When nfs client look at file created on windows, file may not have uid/gid in it.   
isilon looks up the conversion from its mapping db.
if it can't find one, it will generate a number, starting at 10000.


isi stat		# quick overview of cluster nodes and job status
isi stat -q		# quite (skip) the bottom job status
isi stat -q -d		# see status aggregated by diskpools 

maintenance commands

isi_gather_info		# collect status of cluster and send to support (usually auto upload via ftp)

isi_gather_info --nologs --local-only -i isi_hw_status -f ... 	# selectively collect info

# get a smaller gather log, particulartly remove /var/log/lastlog that are gianormous
cp igi_nolastlog /usr/bin/	
/usr/bin/igi_nolastlog --esrs --varlog_recent --no-dumps --no-cores -x ifsvar_modules,quotas,ifsvar_tmp,ifsvar_modules_jobengine_cp > /ifs/data/scripts/isi_gather_info.log 2>&1 


shutdown -p now		# shutdown a single node (the one logged in to).  it will put in read-only mode and then power it off.
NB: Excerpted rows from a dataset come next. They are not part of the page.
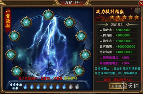 在游戏中玩家可以通过渡劫飞升来提升人物属性,游戏共设置了十重渡劫挑战,每重渡劫都需要经历九道雷劫。
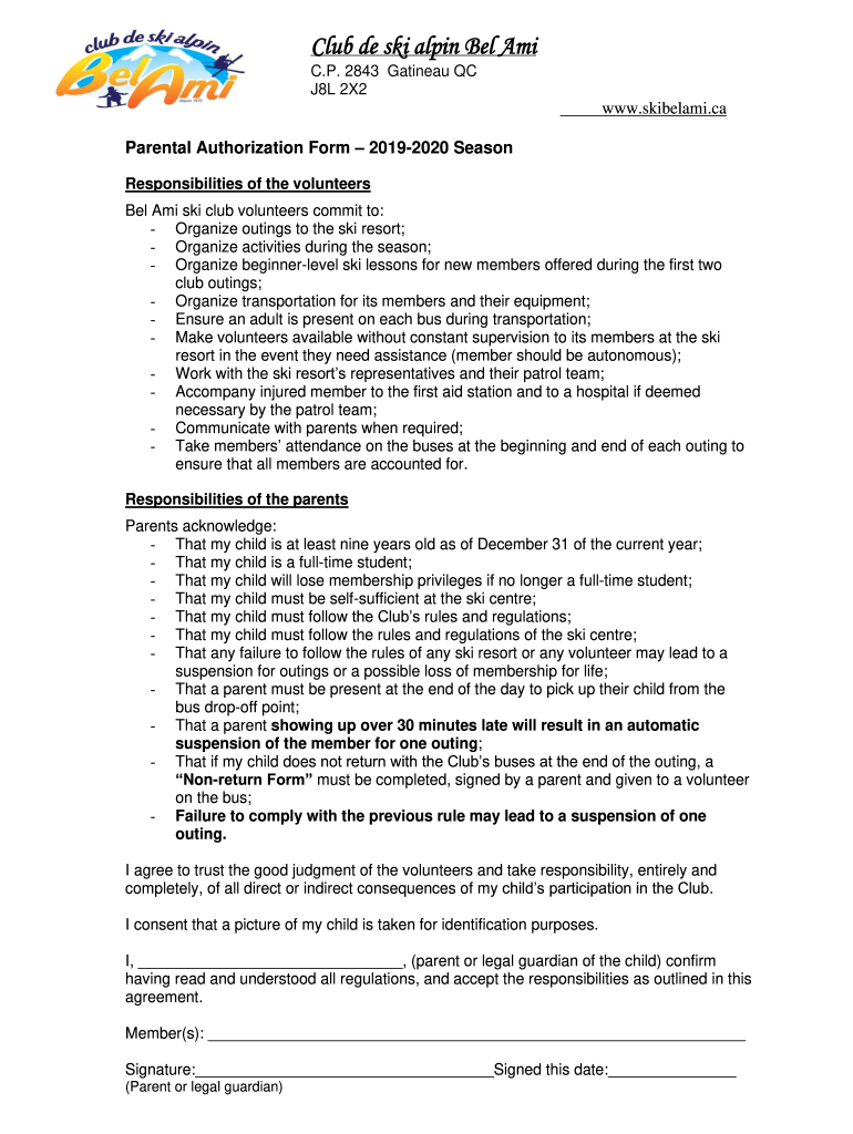 Club DE ski alpine Bel Ami C.P. 2843 Gatineau QC J8L 2×2www.skibelami.ca Parental Authorization Form 20192020 Season Responsibilities of the volunteers Bel Ami ski club volunteers commit to: Organize
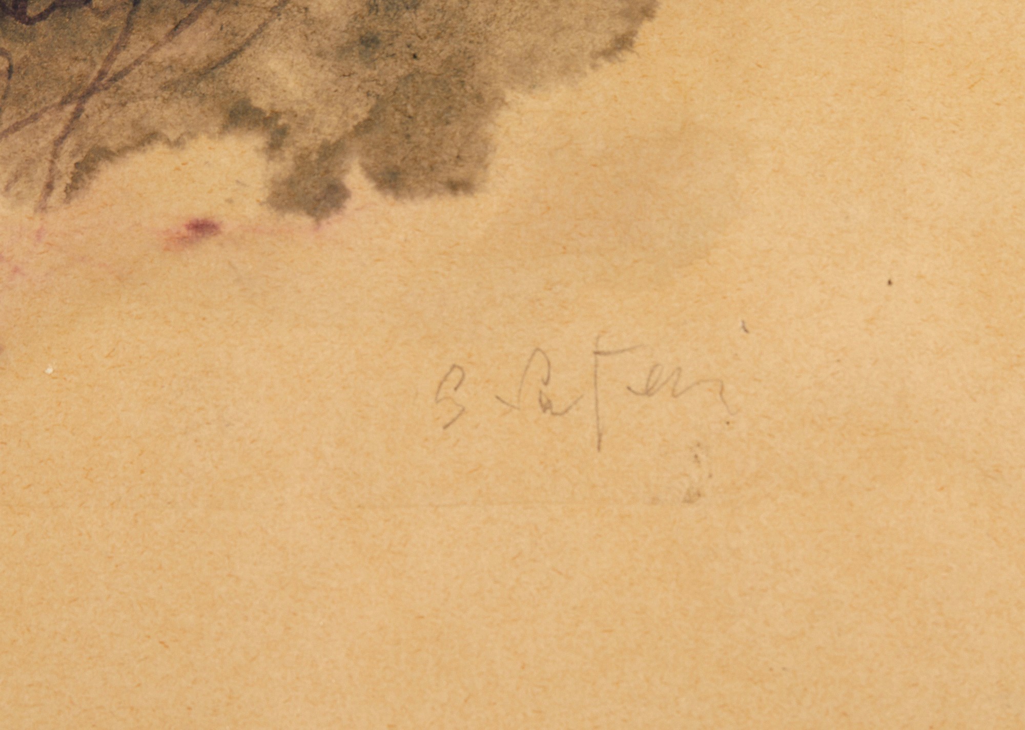 GERMANO SARTELLI (Imola 1925 – Imola 2014) “Paesaggio”, 1986. Acquerello su carta. Cm 35x25. Opera firmata in basso a destra Sartelli. Al retro reca etichetta della Galleria de’ Foscherari, Bologna.

uname -a		# At least from OneFS 7, tell Isilon version (and not the underlaying BSD info)
uname -rs

HD Replacement

Ensure drive is in REPLACE state before removing it, even when LED is RED!! Sometime SmartFail is running on a drive, it will put LED as RED, but then still actively copying data out. Removing the drive at this time is NOT good. Especially at reduced redundancy state, this could result in data lost!!

Typical protection policy is +2:1 which can tolerate two drive failure at the same time. But under some certain circumpstance, eg node fail and autobalance job did not complete, protection could drop down to just 2x. ie mirror, and two disks within a protection group could fail at the same time and it would have data lost. Protection group can and typically do span multiple nodes. Files (LIN) at 2x scenario may just span mirrored pair across two nodes and one can hit the lotto and have those two disks fails at same time.
/var/log/messages would spill error like too many restripe error. Complain about LIN=... having problems.
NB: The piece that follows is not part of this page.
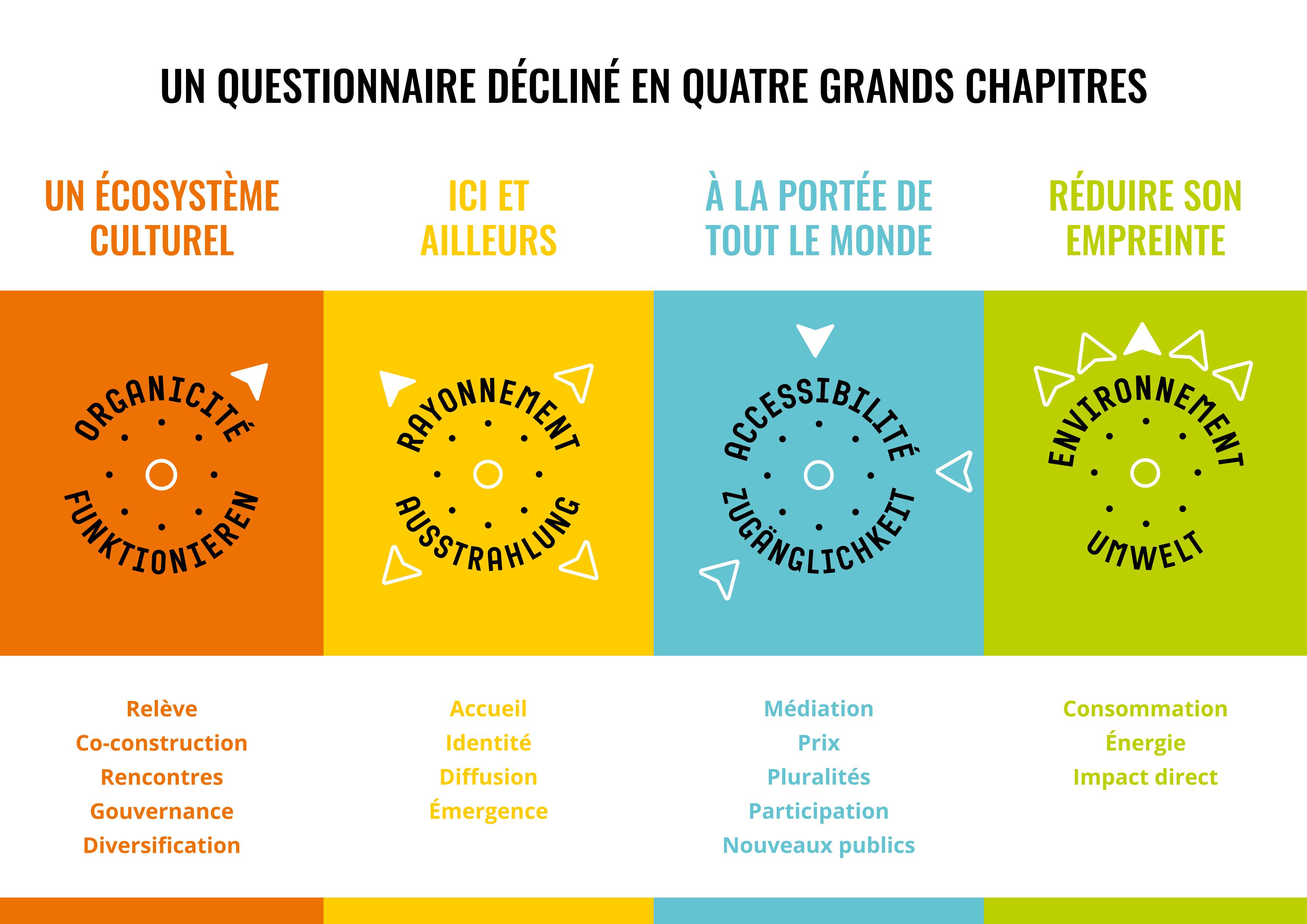 Présentée sous la forme d’un questionnaire décliné en quatre grands chapitres et 17 thématiques, elle se fonde sur la politique culturelle de la Ville de Fribourg, en y intégrant les notions de développement durable et d'interculturalité, liées au champ artistique.

On each disk, Isilon lay a two digits lnum N on it, and refers to it when smart failing drive, running FlexProtect job. When drives are pulled out, replaced or swapped out in a bay, can tell system what/how to use the disk based on this lnum. It is kept track of until all necessary data has been recovered by FlexProtect job. (and at time may need to manually remove them, stopfail command?)
 
isi devices 				# list all devices of the node logged in
isi devices -a status -d 14:bay28	# see status of node 14, drive 28
isi devices -a status -d 14      	# see status of node 14, all info
isi devices           -d 14      	# "-a status" is assumed 


isi devices -a add    -d 14:28		# add the drive (after being replaced)
isi devices -a format -d 14:28		# often need to format the drive for OneFS use first
					# it seems that after format it will automatically use drive (no ADD needed)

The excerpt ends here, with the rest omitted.